Work task - Return all entries verbatim; skip any pictures.

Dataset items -
------------------------------------

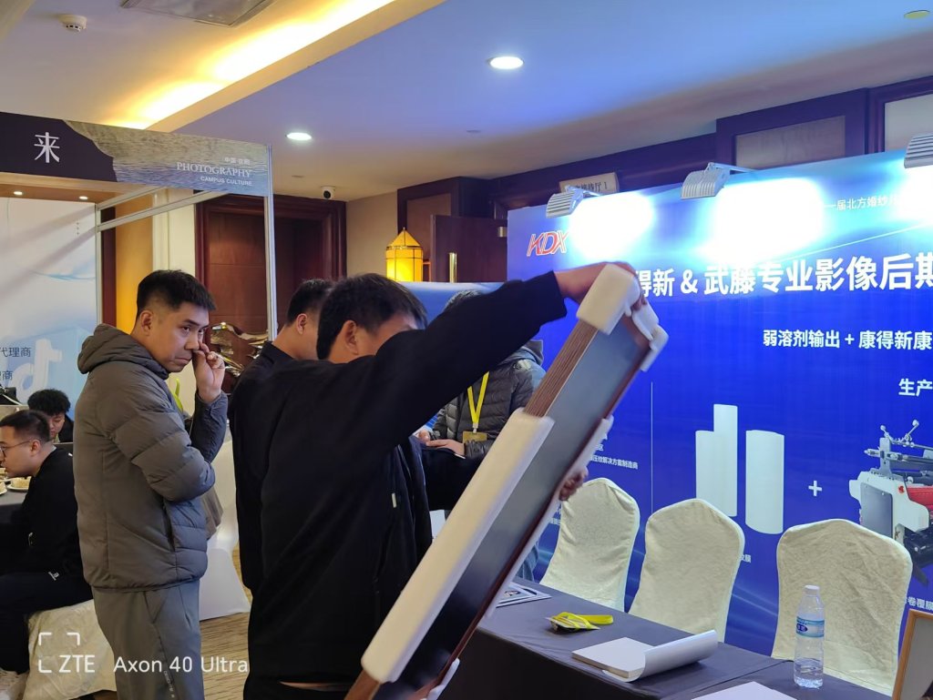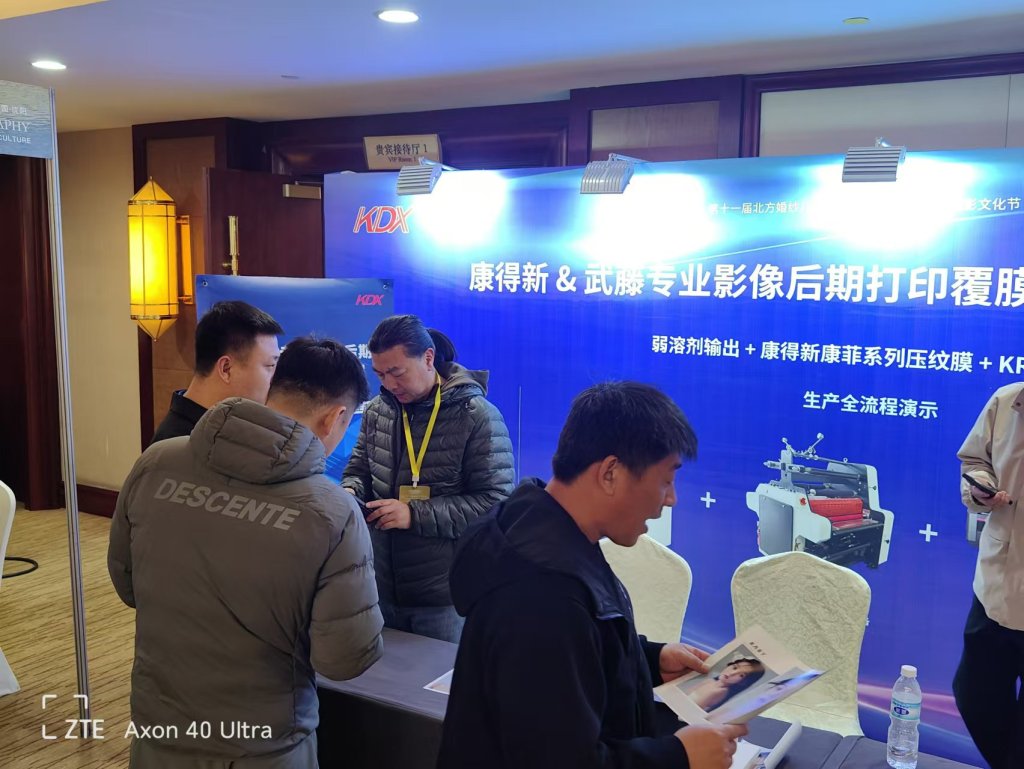 本次活动中,康得新重点推出了针对专业影像后期制作市场的成熟且稳定的整体覆膜压纹方案——康菲系列压纹膜 + KR-800卷对卷覆膜压纹机。该解决方案适配佳能、爱普生、武藤等多种数码打印设备,同时在影像效果输出上有着出色的表现,支持打印两种纹路:绸纹和细绒纹,高质量的视觉效果,吸引了大量与会嘉宾驻足观摩与深入咨询。
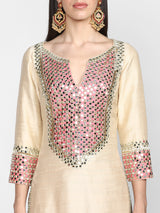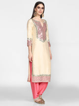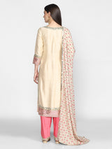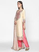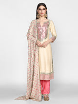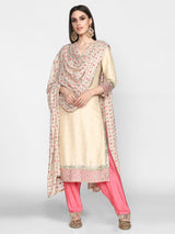 Beige & Pink Kurta Set with Chiffon Dupatta
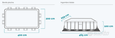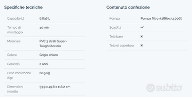 Si fornisce telo copri piscina, ricambio filtro pompa, prodotti chimici e materiale per mantenimento acqua durante l'utilizzo.
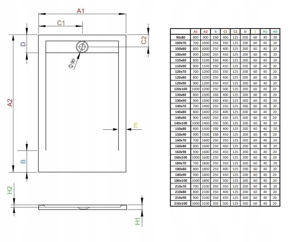- Отверстие для сифона 90 мм
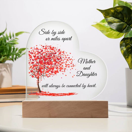 Mom Gift from Daughter | Printed Heart Acrylic Plaque | LED Night Light | Side by Side or Miles Apart

------------------------------------

Solution -
 本次活动中,康得新重点推出了针对专业影像后期制作市场的成熟且稳定的整体覆膜压纹方案——康菲系列压纹膜 + KR-800卷对卷覆膜压纹机。该解决方案适配佳能、爱普生、武藤等多种数码打印设备,同时在影像效果输出上有着出色的表现,支持打印两种纹路:绸纹和细绒纹,高质量的视觉效果,吸引了大量与会嘉宾驻足观摩与深入咨询。
 Beige & Pink Kurta Set with Chiffon Dupatta
 Si fornisce telo copri piscina, ricambio filtro pompa, prodotti chimici e materiale per mantenimento acqua durante l'utilizzo.
- Отверстие для сифона 90 мм
 Mom Gift from Daughter | Printed Heart Acrylic Plaque | LED Night Light | Side by Side or Miles Apart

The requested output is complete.